I'd prefer the first option (--values profile/high-scale.yaml) since it makes it easier for people the option to override specific settings if they know what they're doing (just add more overrides after using --values or --set)

I agree. It makes more sense. I will keep the --set. profile= in the design as an alternative for now, until we get broader feedback.

cilium/CFP-36975-configuration-profiles.md

wedaly · 2025-02-10T21:02:48Z

cilium/CFP-36975-configuration-profiles.md

+## Open Issues
+
+*   Onboard initial profiles. This requires community input.
+*   Determine the best way to handle profile updates and versioning.  How do we ensure that users can safely upgrade Cilium while using a specific profile?


One idea would be to couple profile changes with Cilium releases (so there'd be a v1.19 of the profiles for Cilium v1.19 release). Then we could enable new optimizations in the high-scale profile starting from some Cilium version, with the caveat that we won't enable anything that could break on upgrade from the previous version.

An example would be cilium-operator managed identities: we'd want that to eventually become part of high-scale profile, but might need to start with identityAllocationMode=both in version N, then identityAllocationMode=operator in version N+1.

That seems like a good solution, considering that configuration depends on the Cilium version. Thanks for the suggestion.

Backward compatibility is important here, because we need to ensure that upgrades don't break any previous profile (or at least up to a reasonable number of versions).
This means that users can apply the new Profile config themselves after they upgrade. After that, we can think if automating this is required.

wedaly · 2025-02-10T21:04:18Z

cilium/CFP-36975-configuration-profiles.md

+
+*   Onboard initial profiles. This requires community input.
+*   Determine the best way to handle profile updates and versioning.  How do we ensure that users can safely upgrade Cilium while using a specific profile?
+*   Develop detailed test plans for each profile.

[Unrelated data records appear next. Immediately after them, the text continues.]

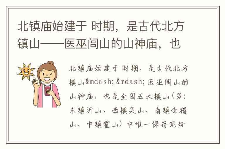 从隋文帝确立祭祀制度到明清历代帝王的持续尊崇,北镇庙见证了中央政权对北方边疆的文化整合。如今,这座1988年被列为全国重点文物保护单位的古建筑群,仍以其完整的格局和丰富的遗存,诉说着"五镇"与"五岳"并行的古代山岳祭祀传统。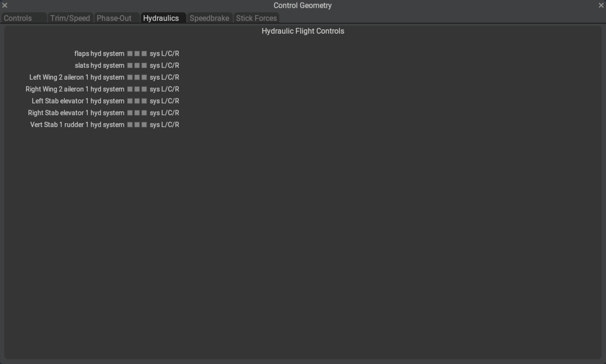 This Hydraulics Tab is used to assign control surfaces to X-Plane's hydraulic systems, assuming that hydraulic sources have been configured on the Standard > Systems > General 2 Tab > Hydraulic Sources panel. Control surfaces do not have to be assigned to a hydraulic system; however, when they are, then their deflections and deflection rates will depend upon the state of hydraulic power available. This page is only used to assign control surfaces to hydraulic sources.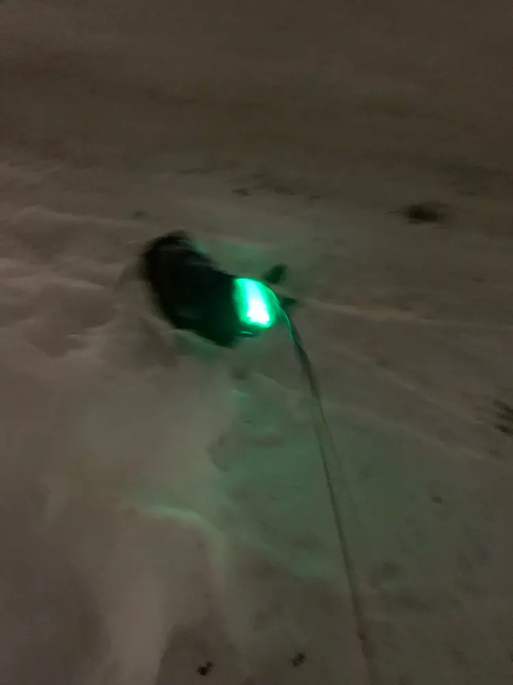 Для сырой погоды или снега не подойдёт. Контейнер с батарейкой пластиковый с отверстиями ни как не защищён от влаги. Светодиод один, по длине ошейника свет распространяется спомощью проводника. В темноте достаточно ярко.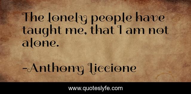 This page presents the quote "The lonely people have taught me, that I am not alone.". Author of this quote is Anthony Liccione. This quote is about alone, single, crowd-of-loneliness,.

I like that this proposal could streamline the process of testing new optimizations. Right now it's quite expensive to add new E2E tests for optimizations that are available but not enabled because we need to create/test a new GitHub workflow for each one. It would be nice to enable something in a profile and have the existing test suites cover that.

tamilmani1989 · 2025-02-14T03:45:23Z

cilium/CFP-36975-configuration-profiles.md

+
+## Example Profile
+
+*   **High-Scale:**  Optimized for large-scale clusters, with high number (thousands) of nodes and high pod churn rate (hundreds per second). Limited to a set of basic networking and K8s features: pod connectivity, K8s Service and basic observability.


should we name profile as basic-networking instead of high-scale?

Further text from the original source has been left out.